Personal information
- Full name: Percy C Ross
- Born: Unknown Ireland
- Died: Unknown Ireland
- Batting: Right-handed
- Bowling: Right-arm medium

Domestic team information
- 1912: Ireland

Career statistics
| Competition | First-class |
| Matches | 1 |
| Runs scored | 29 |
| Batting average | 14.50 |
| 100s/50s | –/– |
| Top score | 26 |
| Balls bowled | 138 |
| Wickets | 2 |
| Bowling average | 49.50 |
| 5 wickets in innings | – |
| 10 wickets in match | – |
| Best bowling | 2/99 |
| Catches/stumpings | –/– |
- Source: Cricinfo, 7 November 2018

= Percy Ross (cricketer) =

Irish cricketer

Percy C Ross (dates of birth and death unknown) was an Irish first-class cricketer.

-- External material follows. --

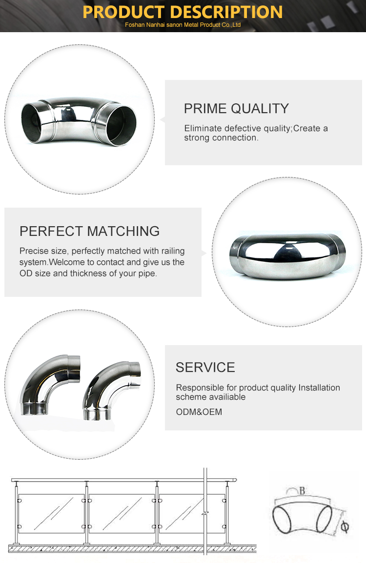 • 直銷不鏽鋼樓梯扶手管 不鏽鋼扶手彎頭 加厚 鏡麵拋光配件 90度彎拐可用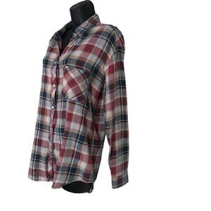 Community Plaid Button Down Cotton Linen Blend Shirt Size S

A leading member of Cork County in the first decade of the 1900s, Ross made his debut for Ireland in a minor match against Cambridge University at Cork in 1904. He later made played one first-class match for Ireland against the touring South Africans at Woodbrook in 1912. Batting twice in the match, Ross top-scored with 26 runs in Ireland's first-innings, before being dismissed by Aubrey Faulkner, while in their second-innings he was dismissed by Claude Carter for 3 runs. With his medium pace bowling, he took the wickets of Herbie Taylor and Frank Mitchell, taking figures of 2/99 from 23 overs. He did not play for Ireland again.